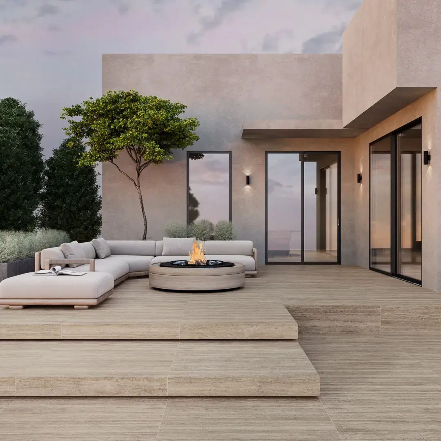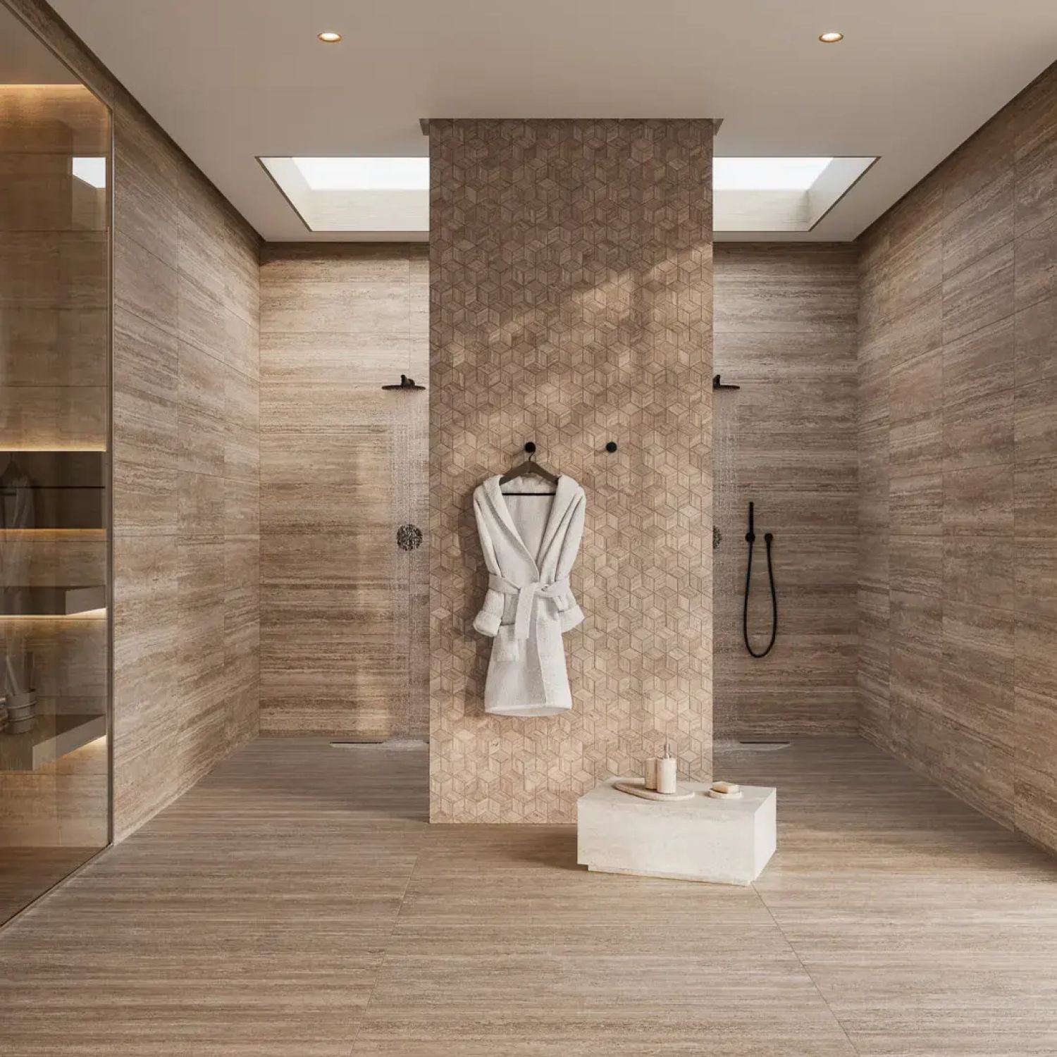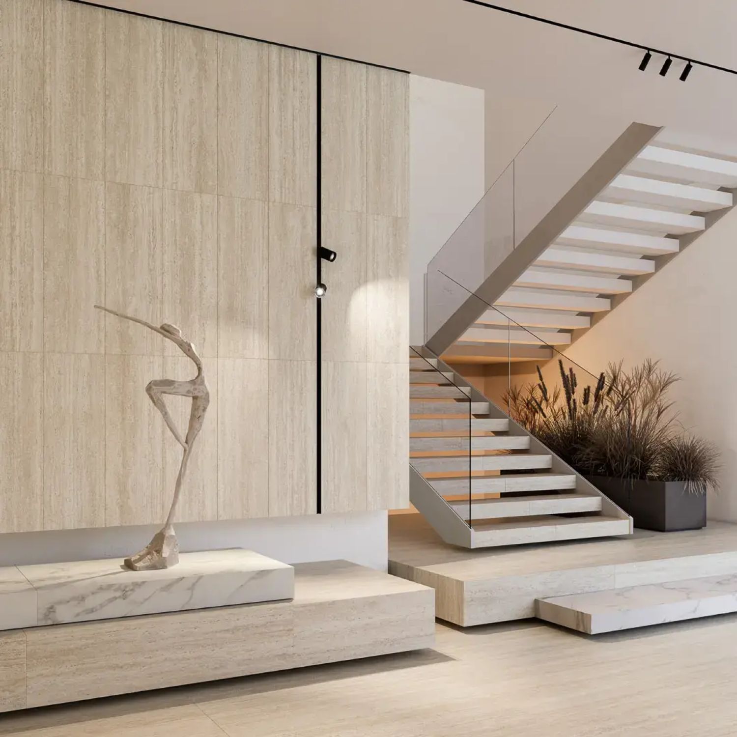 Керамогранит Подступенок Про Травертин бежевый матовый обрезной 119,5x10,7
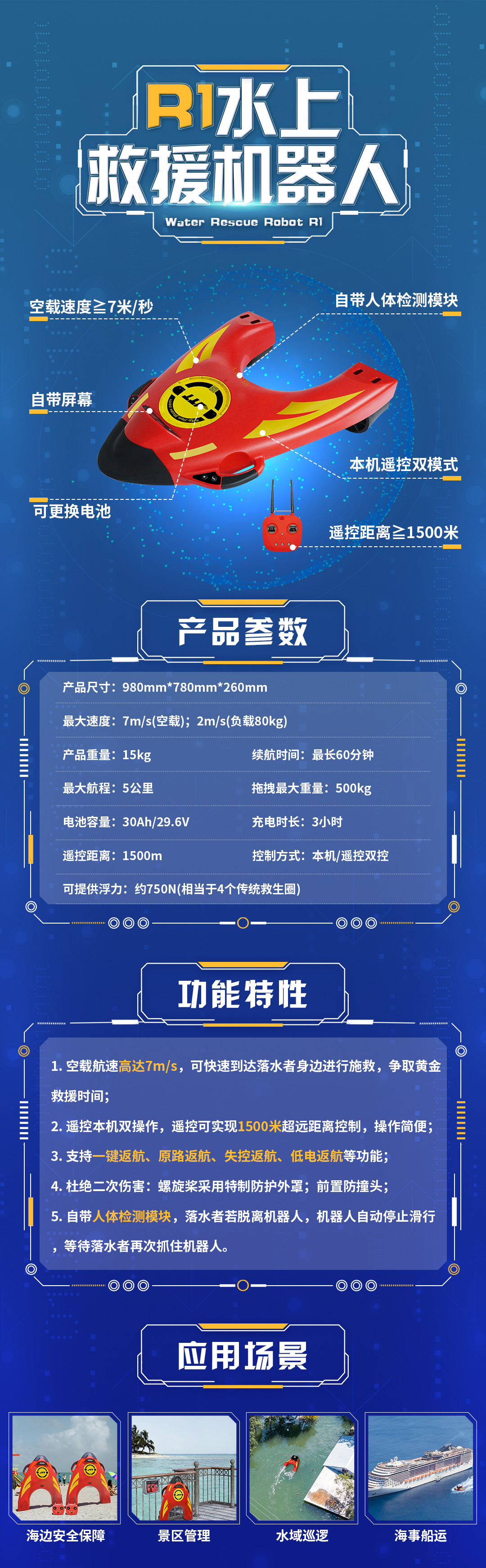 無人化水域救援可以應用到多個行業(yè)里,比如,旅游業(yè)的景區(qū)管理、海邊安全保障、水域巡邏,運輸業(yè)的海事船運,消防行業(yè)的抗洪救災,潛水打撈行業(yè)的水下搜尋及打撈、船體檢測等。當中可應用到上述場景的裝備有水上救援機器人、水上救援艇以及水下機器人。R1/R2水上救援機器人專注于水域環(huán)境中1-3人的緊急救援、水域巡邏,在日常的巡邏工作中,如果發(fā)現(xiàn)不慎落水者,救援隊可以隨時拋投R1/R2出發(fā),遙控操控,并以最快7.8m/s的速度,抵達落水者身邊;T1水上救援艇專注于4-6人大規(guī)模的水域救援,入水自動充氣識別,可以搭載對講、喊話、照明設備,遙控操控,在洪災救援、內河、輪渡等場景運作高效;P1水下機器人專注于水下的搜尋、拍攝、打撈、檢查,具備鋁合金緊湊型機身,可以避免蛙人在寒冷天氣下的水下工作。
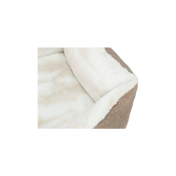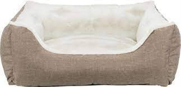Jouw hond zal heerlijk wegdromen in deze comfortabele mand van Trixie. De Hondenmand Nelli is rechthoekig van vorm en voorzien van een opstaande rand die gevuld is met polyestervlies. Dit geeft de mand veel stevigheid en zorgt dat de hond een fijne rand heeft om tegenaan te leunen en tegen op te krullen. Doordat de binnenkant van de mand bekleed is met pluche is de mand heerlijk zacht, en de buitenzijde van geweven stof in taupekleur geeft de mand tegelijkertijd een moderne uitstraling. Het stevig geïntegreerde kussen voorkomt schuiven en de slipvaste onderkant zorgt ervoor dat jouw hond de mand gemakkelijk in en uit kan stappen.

----------

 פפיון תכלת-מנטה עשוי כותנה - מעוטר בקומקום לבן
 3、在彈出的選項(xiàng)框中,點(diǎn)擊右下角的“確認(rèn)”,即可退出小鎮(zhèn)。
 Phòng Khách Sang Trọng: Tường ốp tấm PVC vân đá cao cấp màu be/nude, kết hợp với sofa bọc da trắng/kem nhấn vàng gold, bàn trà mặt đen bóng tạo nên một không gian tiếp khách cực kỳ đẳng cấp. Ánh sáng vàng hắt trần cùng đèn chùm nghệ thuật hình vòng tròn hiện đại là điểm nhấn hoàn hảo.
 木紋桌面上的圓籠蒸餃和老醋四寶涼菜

----------

» HOW TO COMPLETE THIS TASK: From the line with "Керамогранит Подступенок Про" up to and including the line with "Jouw hond zal" above, retype every line exactly and nothing more; leave out the pictures.

» WRITTEN ANSWER:
 Керамогранит Подступенок Про Травертин бежевый матовый обрезной 119,5x10,7
 無人化水域救援可以應用到多個行業(yè)里,比如,旅游業(yè)的景區(qū)管理、海邊安全保障、水域巡邏,運輸業(yè)的海事船運,消防行業(yè)的抗洪救災,潛水打撈行業(yè)的水下搜尋及打撈、船體檢測等。當中可應用到上述場景的裝備有水上救援機器人、水上救援艇以及水下機器人。R1/R2水上救援機器人專注于水域環(huán)境中1-3人的緊急救援、水域巡邏,在日常的巡邏工作中,如果發(fā)現(xiàn)不慎落水者,救援隊可以隨時拋投R1/R2出發(fā),遙控操控,并以最快7.8m/s的速度,抵達落水者身邊;T1水上救援艇專注于4-6人大規(guī)模的水域救援,入水自動充氣識別,可以搭載對講、喊話、照明設備,遙控操控,在洪災救援、內河、輪渡等場景運作高效;P1水下機器人專注于水下的搜尋、拍攝、打撈、檢查,具備鋁合金緊湊型機身,可以避免蛙人在寒冷天氣下的水下工作。
Jouw hond zal heerlijk wegdromen in deze comfortabele mand van Trixie. De Hondenmand Nelli is rechthoekig van vorm en voorzien van een opstaande rand die gevuld is met polyestervlies. Dit geeft de mand veel stevigheid en zorgt dat de hond een fijne rand heeft om tegenaan te leunen en tegen op te krullen. Doordat de binnenkant van de mand bekleed is met pluche is de mand heerlijk zacht, en de buitenzijde van geweven stof in taupekleur geeft de mand tegelijkertijd een moderne uitstraling. Het stevig geïntegreerde kussen voorkomt schuiven en de slipvaste onderkant zorgt ervoor dat jouw hond de mand gemakkelijk in en uit kan stappen.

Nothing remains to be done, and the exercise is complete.